Tired of hearing all of this penetration nonsense. While it is important in a single projectile not so much in multiple. You can hit someone in the face with a blackjack filled with lead shot and get no penetration at all but they are going down for the count. I am not counting on how deep it penetrates. I am counting on stopping the attacker. While penetration is important to reach vital organs I am looking to stop the attacker not necessairly reach vital organs. The only sure stoppers instantly are the femer bone or a brain box shot or sever the spinal cord. I know of a lot of cases with wounds of the lungs and or heart and the attcker keeps on coming stabs you to death or beats you to a pulp then dies. However a face full of birdshot is a stopper. Also 7 yards is quite a long distance in a home. you are talking 21 feet. Sooo...just saying. A judge is a stopper, not an instant garanteed killer, nothing is. Also a great penetration round is not much good if it misses, and a lot of people under stress are not great shots at 7 yards with a single projectile weapon...however with some scatter shot...well I hope you see my point.


----------



## pic

DAD ,(my son speaking) 
A shot to the brain, heart,or lungs always stops the attacker. Certain animals have smaller brains making the target smaller.
My jaw hit the floor how he would even say or know this. He was playing his Wii video games..oh boy,


----------



## SteamboatWillie

DjSaneR said:


> Toying with the idea of purchasing the Judge for in-car protection. I saw the demo on the Taurus site and it looks interesting. Those that have it can you chime in an give your overall opinion? Likes/Dislikes.
> 
> Thanks,
> Matt


Wow! Quite a thread.

Maybe a silly question, but wouldn't it be easier to just use the handgun you carry for in-car defense? I guess that assumes you carry one. If you don't, I'd highly recommend it. Then you can defend yourself in AND outside your car. Or are you asking about carrying the Judge in your car in addition to your carry gun?


----------



## GunHappy

All I know is I love my Taurus Judge Magnum. Unless I`m facing a truly insane person or a real zombie, I think a normal bad guy is gonna crap their pant if a Judge is pointed at them. After the first BOOM, if they are still standing, I believe they are gonna be running as fast as crap smeared legs will allow. Just my thoughts.


----------



## Steve M1911A1

IamArmed said:


> ...You can hit someone in the face with a blackjack filled with lead shot and get no penetration at all but they are going down for the count...

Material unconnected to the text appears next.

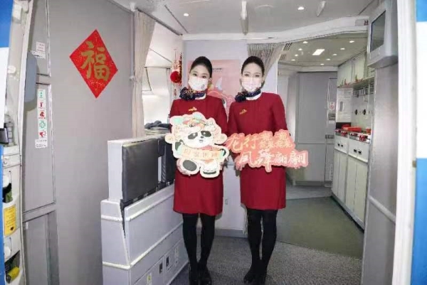 “今天是中國(guó)傳統(tǒng)的除夕夜,非常高興能和大家相聚在本次國(guó)航春節(jié)主題航班上,在萬米高空共度這個(gè)團(tuán)圓中國(guó)年!”2月9日,國(guó)航CA931航班的機(jī)長(zhǎng)廣播里傳來了新春祝福。當(dāng)天,這架“龍行龘龘 鳳舞翩翩”主題航班從北京飛往法蘭克福,這也是中國(guó)農(nóng)歷新年被列為聯(lián)合國(guó)假日后,國(guó)航首次在國(guó)際航班舉辦的春節(jié)主題航班。

...So then are you implying that a lead-shot-filled blackjack is as good as a gun?
Do you mean that merely knocking an attacker down is sufficient to permanently end the fight?
Have you ever tried this? Or is it mere conjecture?



GunHappy said:


> All I know is I love my Taurus Judge Magnum...After the first BOOM, if they are still standing, I believe they are gonna be running as fast as crap smeared legs will allow...

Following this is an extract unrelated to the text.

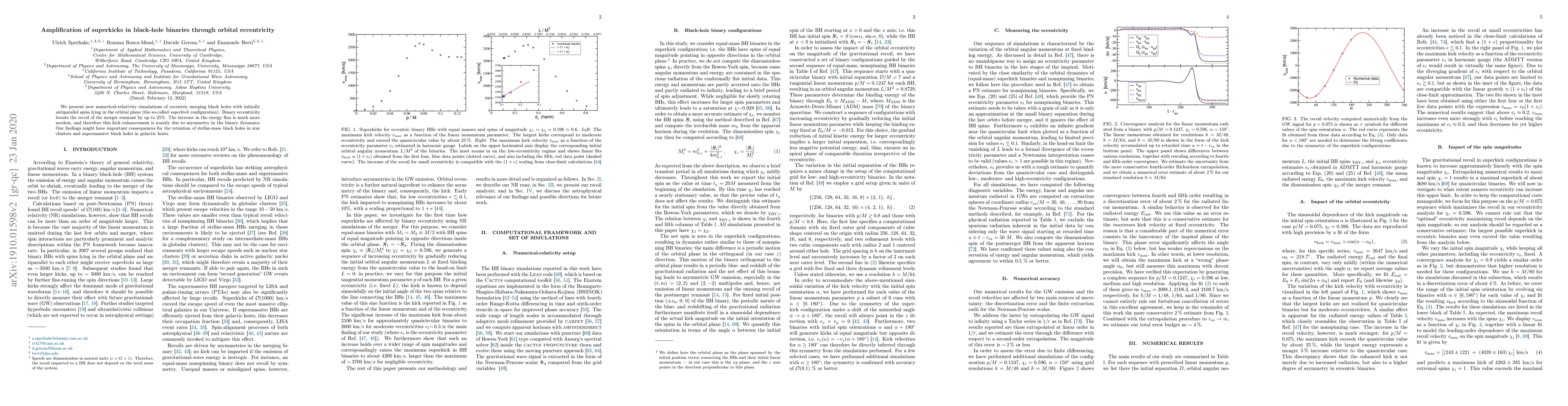 We present new numerical-relativity simulations of eccentric merging black holes with initially antiparallel spins lying in the orbital plane (the so-called \emph{superkick} configuration). Binary eccentricity boosts the recoil of the merger remnant by up to $25\%$. The increase in the energy flux is much more modest, and therefore this kick enhancement is mainly due to asymmetry in the binary dynamics. Our findings might have important consequences for the retention of stellar-mass black holes in star clusters and supermassive black holes in galactic hosts.

Have you ever tried it? Or is this, too, merely conjecture?


----------



## IamArmed

Steve M1911A1 said:


> ...So then are you implying that a lead-shot-filled blackjack is as good as a gun?
> Do you mean that merely knocking an attacker down is sufficient to permanently end the fight?
> Have you ever tried this? Or is it mere conjecture?
> 
> Have you ever tried it? Or is this, too, merely conjecture?

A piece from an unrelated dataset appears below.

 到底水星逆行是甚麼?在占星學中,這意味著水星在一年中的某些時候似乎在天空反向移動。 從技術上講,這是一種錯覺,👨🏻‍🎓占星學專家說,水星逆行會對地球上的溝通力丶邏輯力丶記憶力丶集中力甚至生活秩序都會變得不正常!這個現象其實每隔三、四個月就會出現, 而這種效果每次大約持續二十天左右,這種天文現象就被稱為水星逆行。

Nope definitely not conjecture. Having had experience with seeing people shot in the face with a shotgun with number 6s and 7 1/2 half not even talking about the defensive loads made for this weapon (Judge)...saw this in Nam I never saw anyone have any fight left in them. However I will admit it was with a 12 gauge but the distance was further of course that does alter the equation but on every occasion the individual was blind and rendered helpless. With a 410 in the face at 10 to 20 feet which I feel is where this weapon is used I think it is extremely effective if used correctly and more than likely the altercation is over.

To answer your question about the blackjack I just used that as a point of getting hit in the face with quite a bit or force. If you can stand getting hit in the face with a blackjack weighing around 2 or 3 pounds by someone you are one guy to be feared for sure. It takes the fight out of one for sure. I believe it was Mike Tyson who said everyone is a tough guy until they get hit in the face.


----------



## Steve M1911A1

IamArmed said:


> ...[I've] had experience with seeing people shot in the face with a shotgun with number 6s and 7 1/2...*However I will admit it was with a 12 gauge*...[emphasis added]


I note that the Judge is definitely not a 12ga, and also that its rifled barrel tends to disperse its shot column widely, even at close range.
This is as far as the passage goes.